What the task requires ::
Repeat exactly the lines beginning at the one that contains "Inhalt für 2" and running to the end of the material. Omit the pictures.

Data below ::
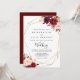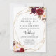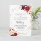 Diese geometrische rustikale boho blumige Vorder-und Rückseite Hochzeit Einladung ist perfekt für eine einfache Hochzeit. Das Design besteht aus rosa, lila, roten und bordeauxfarbenen, in eleganten Bouquets mit grünem Blattwerk eingearbeiteten, goldenen geometrischen Rahmen. Rett Papier, indem man mehr Details auf der Rückseite der Einladung anstatt auf einer separaten Gehäusekarte angibt.
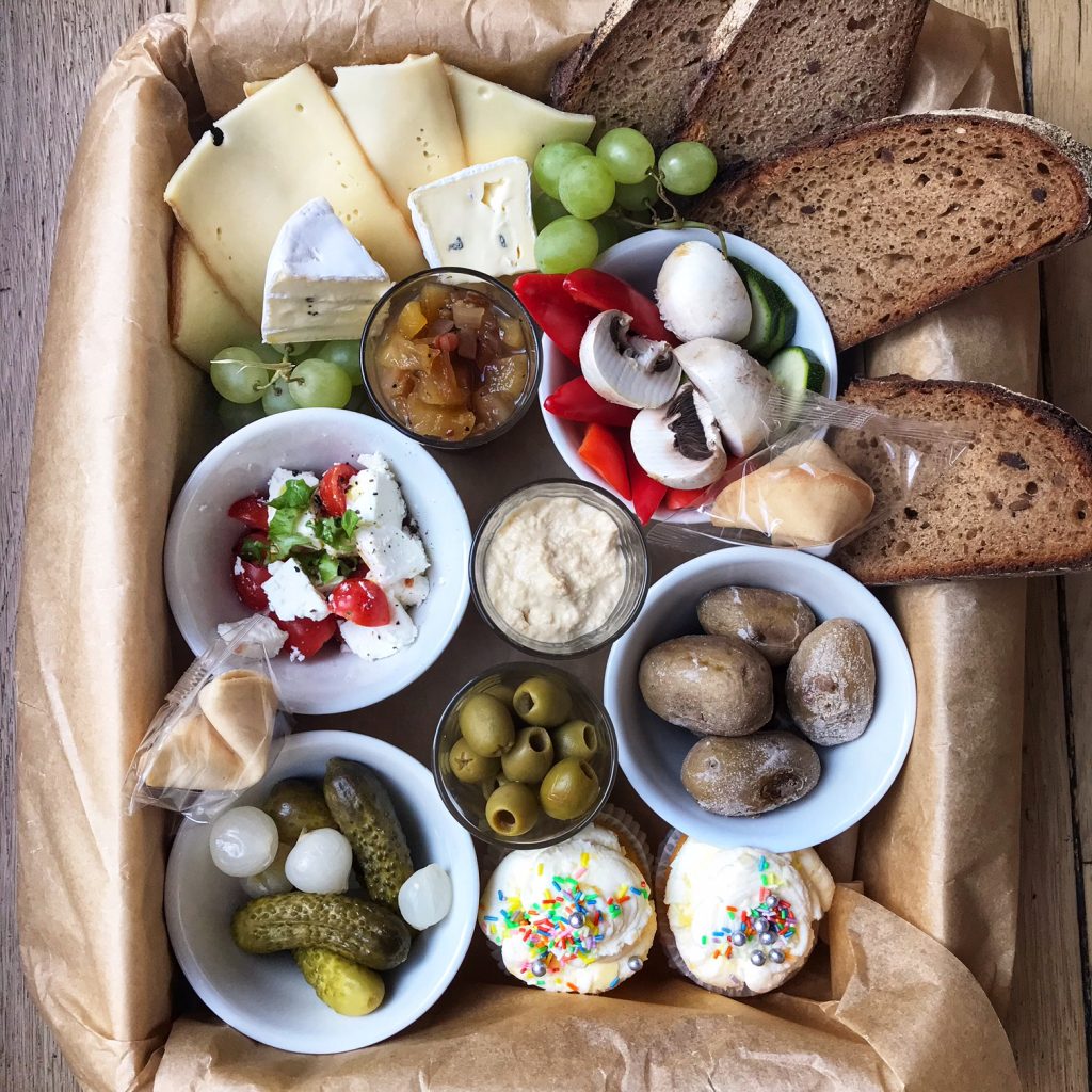 Inhalt für 2 Personen: Spart euch die Schlepperei für den Einkauf, denn die Raclette Box beinhaltet abgesehen von Basics auch raffinierte Sachen. Ihr könnt euch freuen auf Raclettekäse, Blauschimmelkäse, selbst gemachtes Chutney, selbst gemachten Hummus, Bio-Brot, Oliven, verschiedenes frisches Gemüse, Mixed Pickles, Tomaten-Feta-Minz-Salat, Papas arrugadas und zum Nachtisch: 2 Cupcakes und zwei Glückskekse.
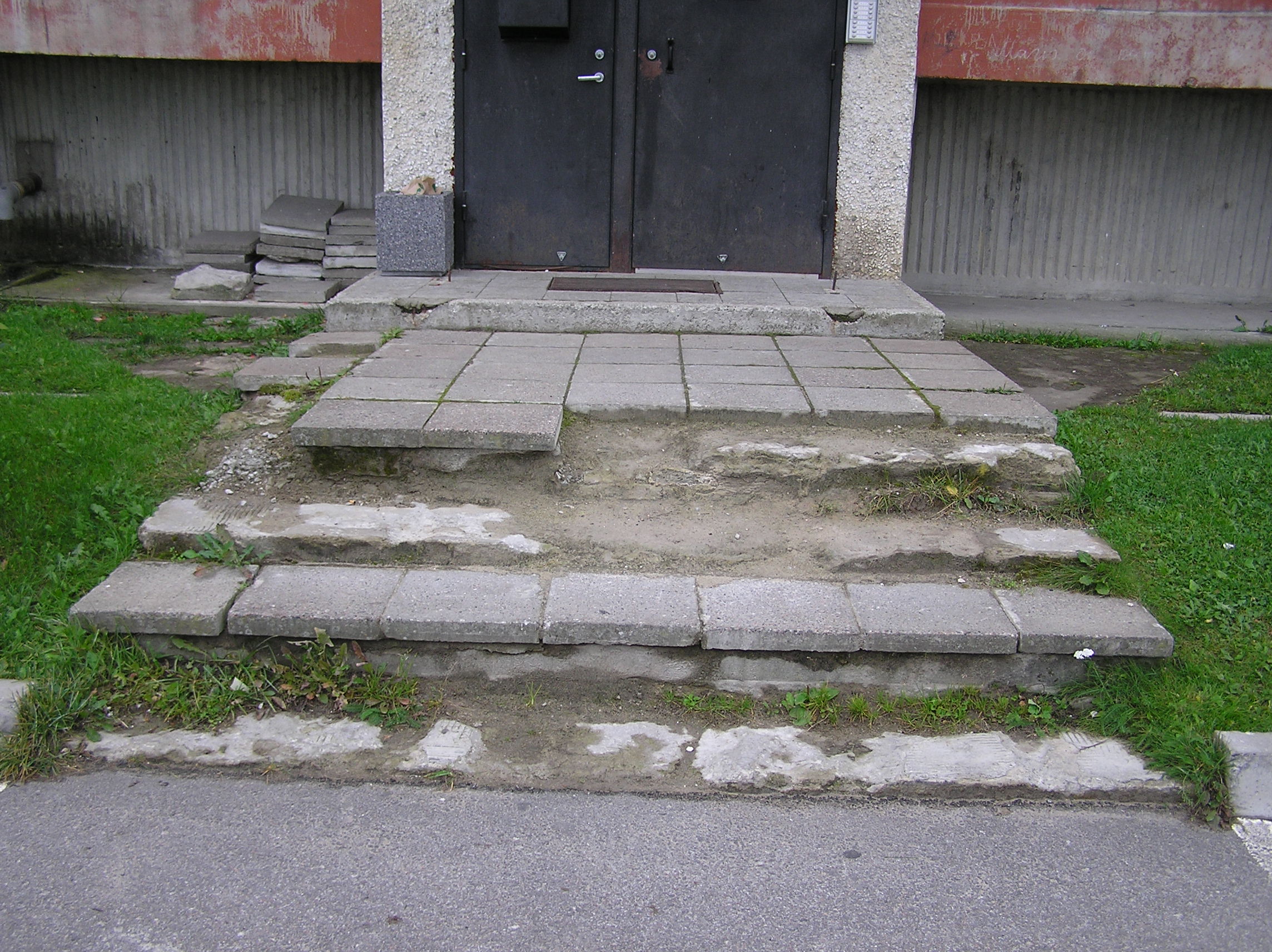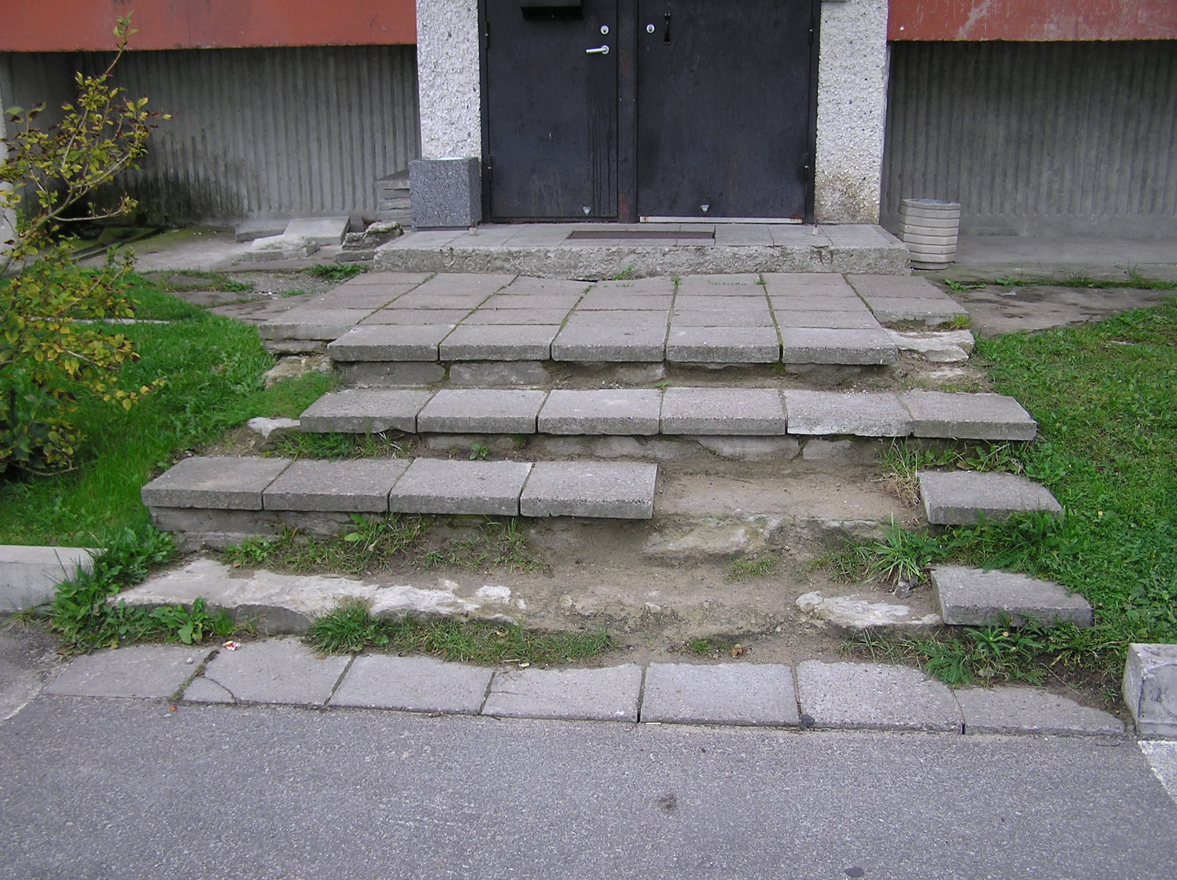 2.4. Treppide katteplaatidena kasutada pesubetoonplaate, nt. OÜ Kiili Betoon toodang (www.hot.ee/kiilibetoon) või AS Alistron toodang (www.alistron.ee). Katteplaatide värvus – hall (analoogne välisuste kõrval olevate prügikastidega).

The completed task ::
 Inhalt für 2 Personen: Spart euch die Schlepperei für den Einkauf, denn die Raclette Box beinhaltet abgesehen von Basics auch raffinierte Sachen. Ihr könnt euch freuen auf Raclettekäse, Blauschimmelkäse, selbst gemachtes Chutney, selbst gemachten Hummus, Bio-Brot, Oliven, verschiedenes frisches Gemüse, Mixed Pickles, Tomaten-Feta-Minz-Salat, Papas arrugadas und zum Nachtisch: 2 Cupcakes und zwei Glückskekse.
 2.4. Treppide katteplaatidena kasutada pesubetoonplaate, nt. OÜ Kiili Betoon toodang (www.hot.ee/kiilibetoon) või AS Alistron toodang (www.alistron.ee). Katteplaatide värvus – hall (analoogne välisuste kõrval olevate prügikastidega).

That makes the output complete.